Introduction of LLM-as-Judge Evaluation: The paper proposes an LLM-as-Judge evaluation framework along two dimensions—Naturalness and Similarity—which aligns more closely with human judgment than conventional metrics and has the potential to become a standard evaluation tool for the LLM unlearning field.
Unity of Theory and Practice: The AKG learning dynamics framework formally demonstrates how BS-T reshapes the residual structure, with theoretical analysis closely consistent with empirical observations.

Limitations & Future Work¶

Hyperparameter Sensitivity: BS-T is sensitive to \(\lambda_{\text{BST}}\) and BS-S to \(\lambda_{\text{BSS}}\), requiring per-dataset and per-model tuning. Automated scheduling strategies remain undeveloped.
Computational Overhead of BS-S: Sampling multiple complete responses from the model as additional unlearning data incurs non-trivial cost; with \(N>5\), a single 80G GPU encounters OOM.
Lack of Theoretical Support for On-Policy BS-S: The AKG framework is applicable only to the off-policy setting; in the on-policy case, the sampling distribution depends on the current parameters, preventing derivation under fixed-data assumptions.
Limited Model Scale: Validation is restricted to models in the 1B–8B range; applicability to larger models (70B+) remains unknown.
Single-Turn Dialogue Setting: The framework does not account for implicit knowledge leakage in multi-turn dialogues or circumvention of unlearning through prompt engineering.
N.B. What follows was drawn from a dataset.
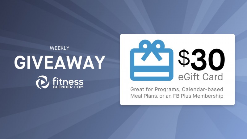 Our (randomly chosen) Giveaway winners this week will each receive a free Fitness Blender eGift Card, which you can use to purchase FB Plus, Workout Programs, or our calendar-based Meal Plan.

Dimension	Ours (BS-T/BS-S)	NPO (Zhang et al., 2024)	WGA (Wang et al., 2025b)
Core Mechanism	Suppress target + model high-confidence predictions	Instance-level DPO-style reweighted GA	Token-level weighted GA
Addresses Squeezing Effect	✅ Directly counteracts high-likelihood neighborhood	❌ Reweights only, does not expand forgetting scope	❌ Only balances token contributions
Forgetting Granularity	Token-level + Sequence-level	Instance-level	Token-level
Spurious Unlearning	Effectively mitigated	Persistently present (Case 2)	Not explicitly addressed
Theoretical Basis	AKG residual analysis	DPO-inspired heuristic	GA conditional token formulation
Computational Cost	BS-T lightweight, BS-S moderate	Lightweight	Lightweight
TOFU-10% 1B Agg.	0.61 (BS-S)	0.58	0.53

Rating¶

Novelty: ⭐⭐⭐⭐⭐ — The discovery of the squeezing effect, the model beliefs perspective, and the bootstrapping framework design are all exceptionally insightful.
Experimental Thoroughness: ⭐⭐⭐⭐⭐ — TOFU/MUSE/WMDP across three model families and multiple settings, dual evaluation with LLM-as-Judge and conventional metrics, comprehensive ablations.
Writing Quality: ⭐⭐⭐⭐⭐ — The logical chain from motivation → diagnosis → solution → theory → experiments is tightly connected, with polished figures and tables.
Value: ⭐⭐⭐⭐⭐ — Code has been merged into OpenUnlearning; the framework is compatible with existing methods and has fundamental implications for both methodology and evaluation in the LLM unlearning field.